CIA nominee’s insider history raises deep state fears

Only following White House orders will be no defence for the agency’s decisions

Edward Luce

Gina Haspel's appointment as CIA head would reduce the stigma of the agency's post-9/11 activities, while Donald Trump would have an intelligence chief who does as she is told

Contrary to popular belief, Donald Trump and the deep state are getting along fine. Mr Trump wants Gina Haspel, a career intelligence officer, to head the CIA. She once oversaw a “black site” where terror suspects were subjected to “enhanced interrogation”, better known as torture. That is one reason the CIA is pushing hard for her to be confirmed: her elevation would reduce the stigma of the agency’s post-9/11 activities.

Mr Trump, meanwhile, would have an intelligence chief with a record of doing what she is told. Both sides are happy. The rest of us should therefore be worried.

For all I know, Ms Haspel is a public servant of the highest probity. Efforts to depict her as villainous are likely to backfire. The truth is that we are ignorant of what she believes. In its push to secure one of its own — the first field operative to be nominated in almost 50 years — the CIA has declassified flattering material on Ms Haspel’s career. But it has ignored Senate requests to shed light on the darker parts. This includes the waterboarding sessions at the Thai site she ran, and her alleged role in the deletion of dozens of interrogation videos.

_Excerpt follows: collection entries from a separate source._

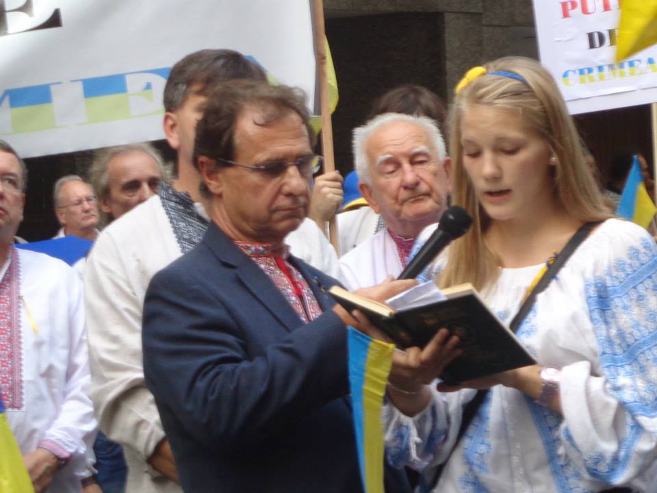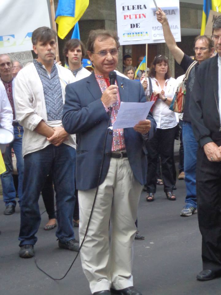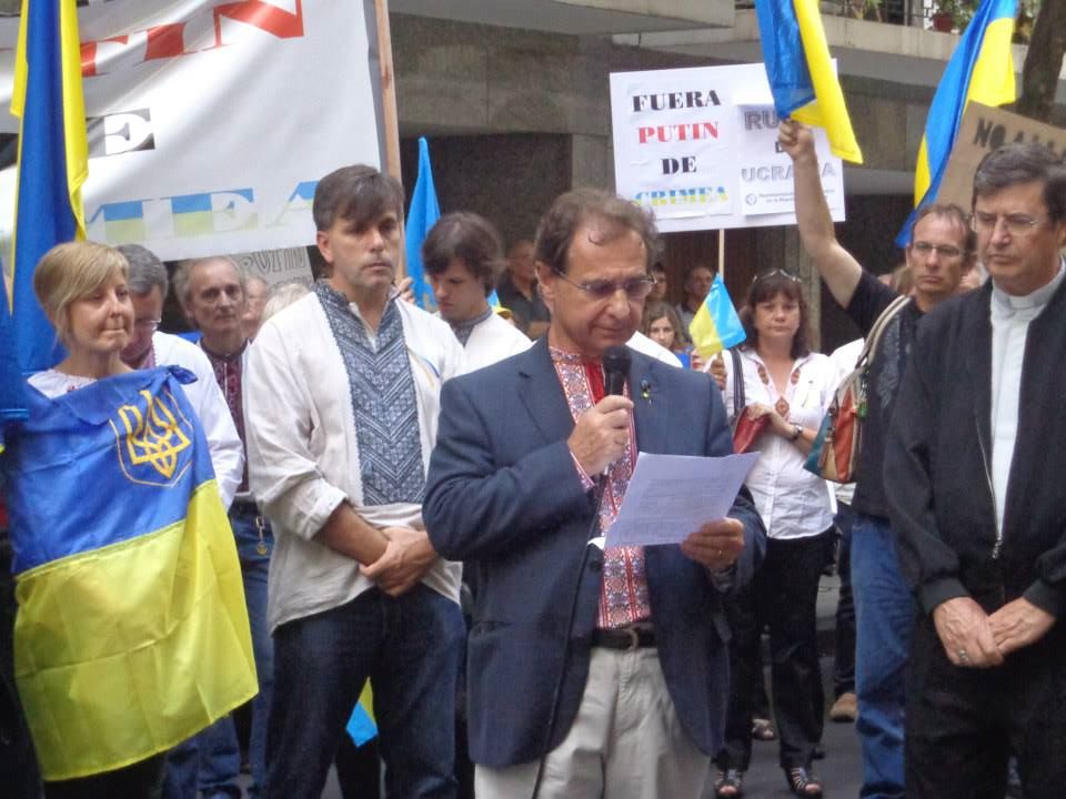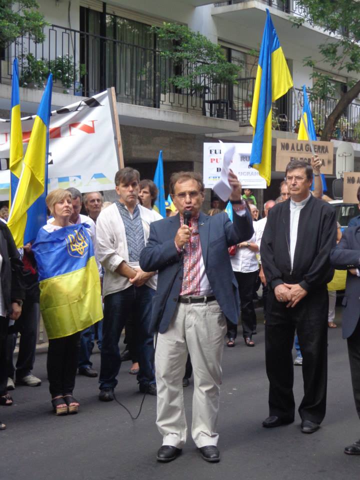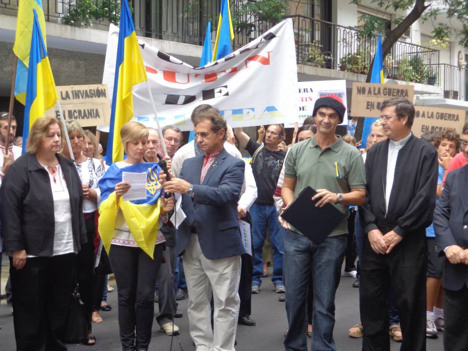 El señor Presidente de la Representación Central Ucrania de la República Argentina (RCU) el Prof. Dr. Pedro Lylyk dirigió sus palabras al Embajador de Rusia, repudiando las acciones de su país en contra del pueblo de Ucrania, expresó que “exigimos una Ucrania Libre Soberana” que “Rusia siempre bajo el mismo pretexto de proteger a los rusos invade” y agregó “Ucrania es un país pacífico, respeta a todos los ciudadanos de la nación”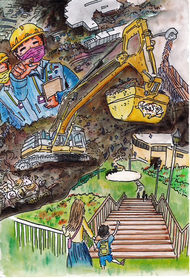 為反貪倡廉,弘揚蘊含「正德、利用、厚生」三位一體之傳統積極廉正精神,新北市今(111)年辦理「三一廉政在五股夏綠地」(Trintegrity Shining Wugu Charlotte)SDGs藝術競賽。城鄉局近日聘請兩位美術專業教師,並邀請國際透明組織會籍審查委員、臺灣藝術大學葛傳宇教授,與局內參與翻轉五股工作多年之資深主管,組成評審小組共同選拔優秀作品。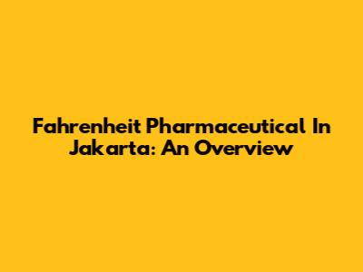 Fahrenheit Pharmaceutical In Jakarta: An Overview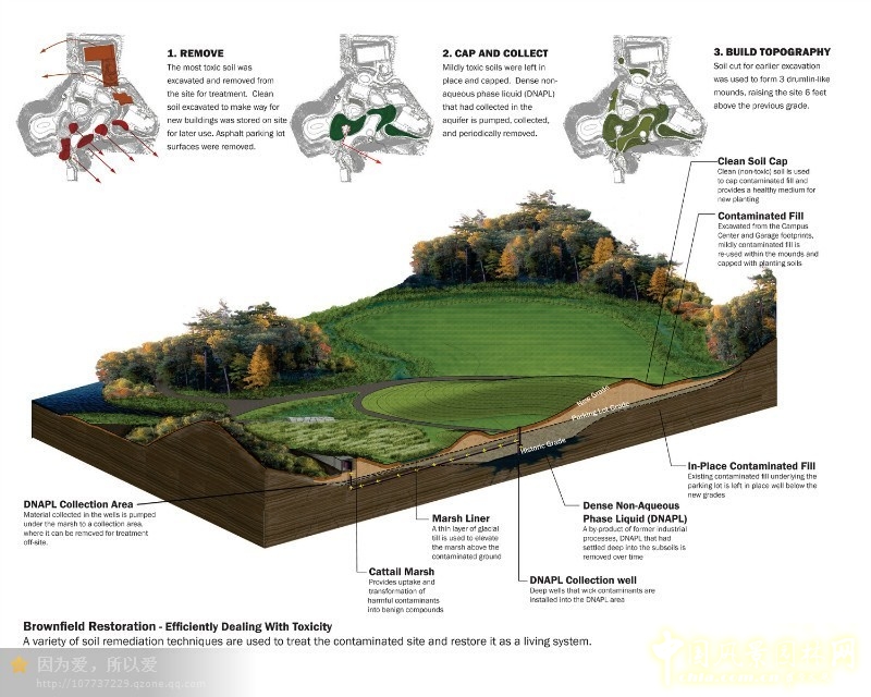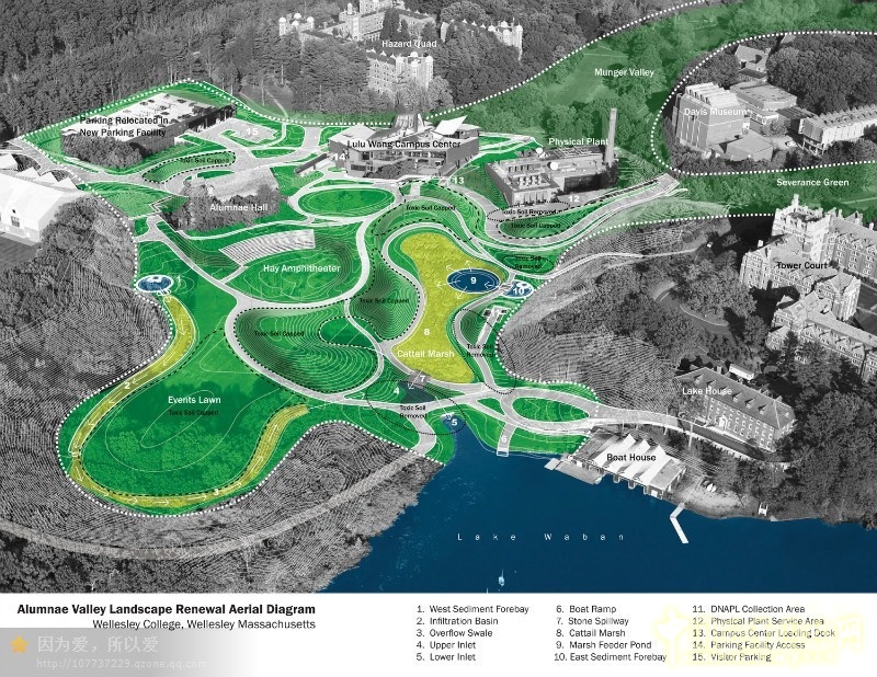 Alumnae Valley項目是將遭受污染的棕色土地轉(zhuǎn)變成綠色環(huán)保的典型景觀設計案例。Alumnae Valley景觀是MVVA公司對這個約5.5公頃的校園進行的長達7年改造的成果。經(jīng)過改善之后,再也見不到那被嚴重污染的場景,取而代之的是一個美麗的生態(tài)家園。

These are classic deep state tactics. Elected officials are being treated like mushrooms: they are kept in the dark and fed manure.

But it is not how the American system is meant to work. Under US law, officials can be held criminally liable for carrying out an illegal order, including torture and destroying evidence. Following orders is no defence. Public officials pledge to uphold the constitution. They do not swear obedience to their boss.

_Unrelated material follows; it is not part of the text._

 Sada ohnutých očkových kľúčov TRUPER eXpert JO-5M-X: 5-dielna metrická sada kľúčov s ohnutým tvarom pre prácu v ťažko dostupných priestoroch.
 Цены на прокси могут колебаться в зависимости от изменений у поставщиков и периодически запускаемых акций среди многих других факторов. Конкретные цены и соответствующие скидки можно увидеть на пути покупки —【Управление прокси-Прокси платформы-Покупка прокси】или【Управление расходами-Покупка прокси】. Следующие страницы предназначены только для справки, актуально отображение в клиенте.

This is where concerns about Mr Trump’s motives come in. He is at war with other parts of the US government, notably the FBI and the Department of Justice. Both are doing their best to avoid becoming instruments of Mr Trump’s will. He has made it clear that he resents their independence. That is why he fired James Comey, the previous head of the FBI. It may also be why he wants Ms Haspel as CIA director. Would she swear fealty to Mr Trump?

Unless the CIA declassifies Ms Haspel’s full history, we have little idea what she would do. It would be a gamble to trust that she would stand up to Mr Trump. Having once been involved in the destruction of evidence of alleged CIA law breaking, what is to stop her from doing it again?

It is possible that Ms Haspel now believes what happened was wrong — yet thought she should protect CIA morale by getting rid of evidence of its post-9/11 excesses. That is a defensible stance. But what does Mr Trump believe the CIA can do for him? During the 2016 campaign, he said that waterboarding was not nearly “tough enough”. He also vowed to attack the jihadist group Isis by killing their families in reprisal. When asked what he would do if the US military refused to obey him, he replied: “If I say do it, they’re going to do it.”

As far as we know, Mr Trump has not issued such orders. Indeed, he has not mentioned torture since taking office. Perhaps — like much of what he says — Mr Trump was playing to the gallery. That is the comforting explanation. The likelier one is that he is sticking to his deal with Jim Mattis, the secretary of defence.

In his job interview, the former general told Mr Trump that torture does not work. “Give me a pack of cigarettes and a couple of beers and I do better with that,” he said. As long as Mr Mattis is around, Mr Trump will be wary of crossing that red line.

But Mr Mattis is a lonelier figure than he was a few weeks ago. Both John Bolton, the national security adviser, and Michael Pompeo, the nominee for secretary of state, are far more in tune with Mr Trump’s instincts. Mr Bolton has replaced much of the national security staff with people who share his worldview. His new deputy is Mira Ricardel, who was blocked by Mr Mattis for a Pentagon position. She was also vetoed by the office of Rex Tillerson, the recently fired secretary of state. Now she has real power. One of her goals is to exert White House control over the Pentagon. Whether Mr Mattis survives is an open question. He once joked that Mr Bolton was the “devil incarnate”. Perhaps there was an edge to his humour.

Either way, the deep state is alive and well. Barack Obama promised to close Guantánamo Bay.

The prison is still running. He also said he would ban torture. Today the US has a president who has praised waterboarding. His CIA nominee authorised it.

The Senate has received ample warning before it votes on her confirmation. Fool me once, shame on you. Fool me twice, shame on me.